> Exercise directions
Word for word, copy the line containing "Pendleton Black Floral" and every line after it in the records below, leaving pictures out.

> Listed records
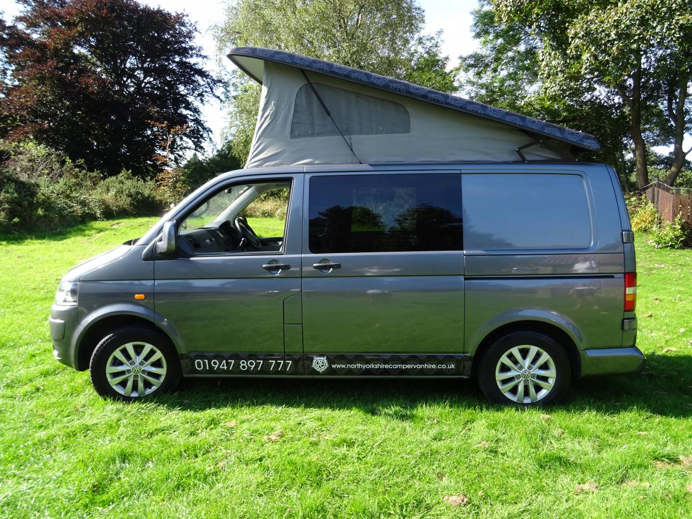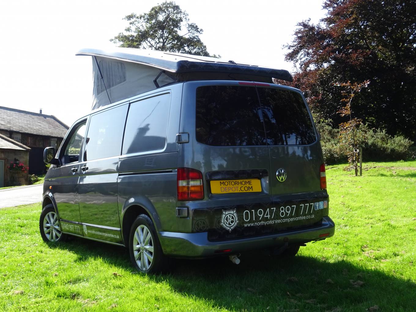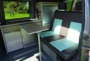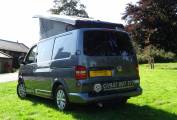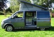 Welcome to the sale of this very well maintained, striking ex-rental camper van. Externally, the vehicle has a T5.1 front grill and lights, rear barn doors, front and rear parking cameras and a Westfalia removable tow bar. The vehicle is a high quality conversion completed by a local company in 2014, that includes a caravelle sliding seat system together with two swivel front single seats making this a very sociable and flexible area. there is also a rear mounted external shower (mains electric required) for hot water.
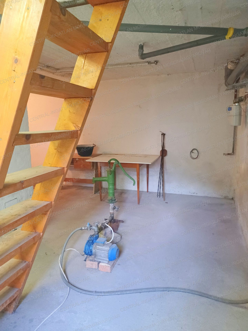 - A családi ház alatt felerészben pince készült, itt található a gázkazán és a kút is ide került, így nincs szükség télen a szivattyú fagymentesítésére. A pince száraz, betonozott aljzattal rendelkezik. Megközelíthető a lakótérből és kívülről is.
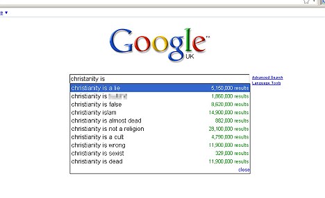 Google is being accused of eliminating "offensive" search terms regarding Islam. They are also being accused of promoting offensive search terms about Christianity, via its suggested items. Google 'censors its website so anti-Islam searches fail to appear' Last updated at 2:16 PM on 10th January 2010 - Search engine Google has been accused of censoring its results after users discovered it never suggests search terms when it comes to Islam. In a time-saving feature the internet phenomenon, whose motto is 'don't be evil', helpfully suggests common searches as people type in what they are looking for. For example, if you type in 'Christianity is' in the search bar a whole range of options flash up including controversial suggestions such as 'Christianity is fake' and 'Christianity is a cult'. But anyone typing in a similar phrase which replaces Christianity with Islam gets no suggestions at all... A Google spokesman claimed the strange absence of results was a software problem. He said: "This is in fact a bug and we're working to fix it as quickly as we can.'... |
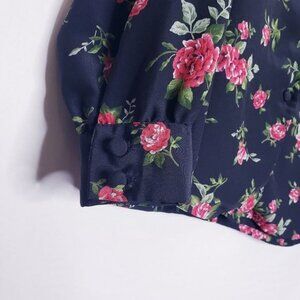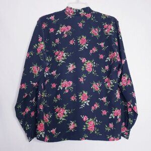 Pendleton Black Floral Button Front Career Blouse Shirt Top Women's Size 12
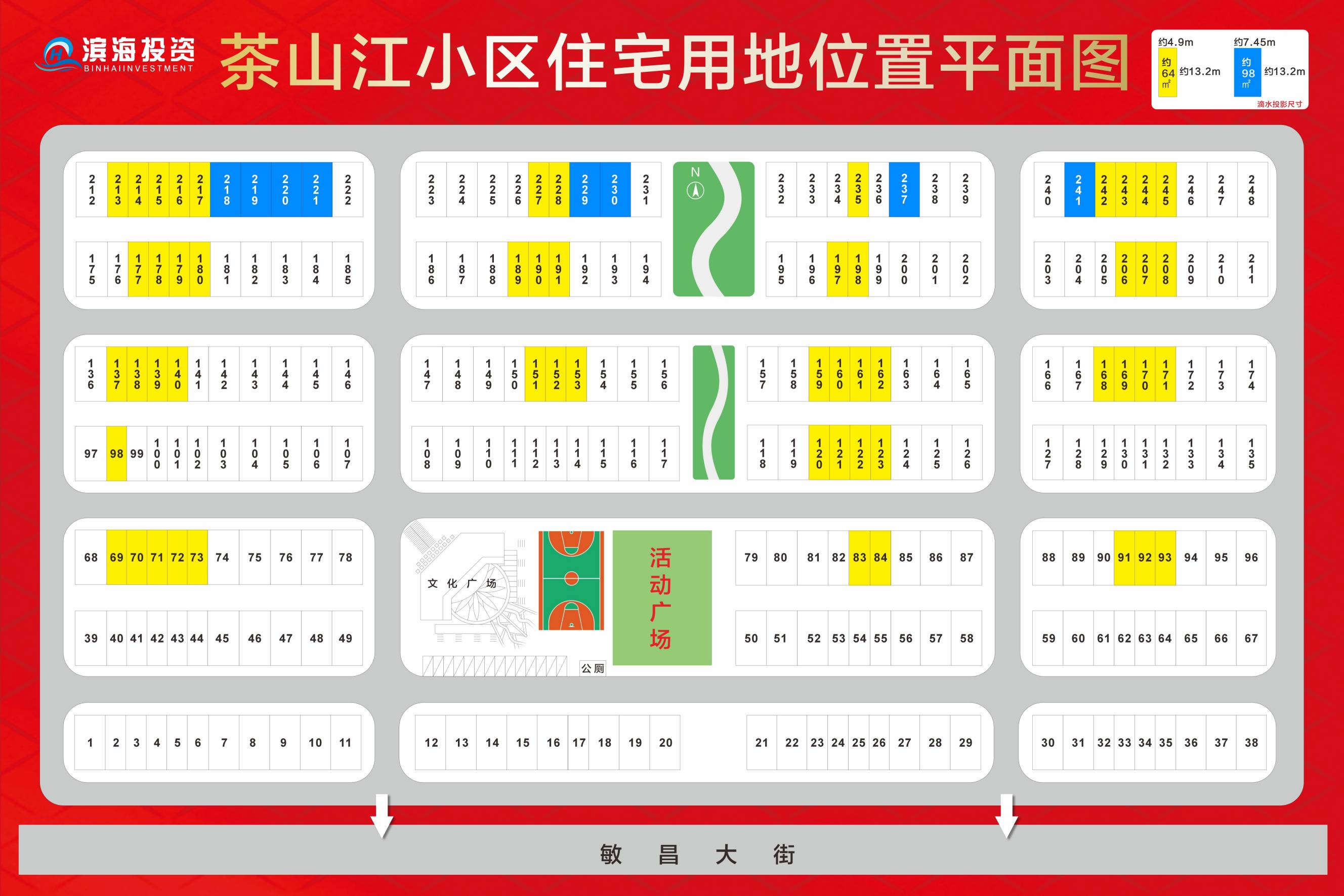 (二)本次出售住宅用地62套,其中土地使用權面積為64.68㎡的住宅用地共54套,土地使用權面積為98.34 ㎡的住宅用地共8套(詳見附件2“茶山江小區住宅用地位置平面圖”)。

> Written answer
 Pendleton Black Floral Button Front Career Blouse Shirt Top Women's Size 12
 (二)本次出售住宅用地62套,其中土地使用權面積為64.68㎡的住宅用地共54套,土地使用權面積為98.34 ㎡的住宅用地共8套(詳見附件2“茶山江小區住宅用地位置平面圖”)。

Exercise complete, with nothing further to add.